Filter using list comprehension

  1. Read a structured stream from Kafka
  2. Convert “values” to strings.
  3. Construct a pyspark.sql.df selecting all of the values.
  4. Use rdd.map to do literal_eval on the strings to convert to rdds of dicts.
  5. Collect the rdds into a list of dicts.
  6. Filter on the list of dicts using list comprehension.

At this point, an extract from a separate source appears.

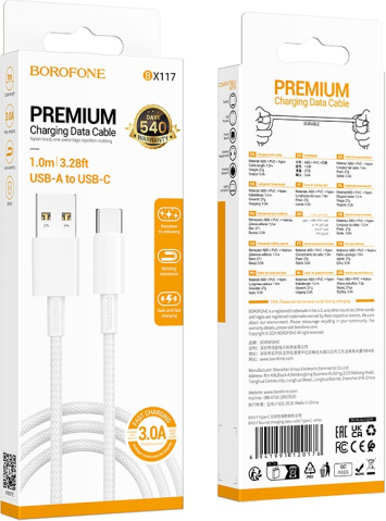 USB кабель Borofone BX117 USB-A to USB-C 1.0m белый

But, issues can unknowingly arise if after step 4 you try and convert to pyspark.sql.dataframes to do filtering (using RDD.toDF() method).

Filter using pandas

  1. Read a structured stream from Kafka
  2. Convert “values” to strings.
  3. Construct a pyspark.sql.df selecting all of the values.
  4. Convert the above pyspark.sql.df toPandas().
  5. Column map “values” to do literal_eval on the strings to convert to a pandas series of dicts.
  6. Create a pandas dataframe from list(above series) and filter using pandas.

But, again, issues can unknowingly arise if after step 5 you try and create a pyspark.sql.dataframe from the series of dicts to do filtering with pyspark.sql.dataframes.

The value of using Spark Structured Streaming is primarily in the ability to use pyspark.sql on structured data, so for this example, using Spark Structured Streaming isn’t particulary useful.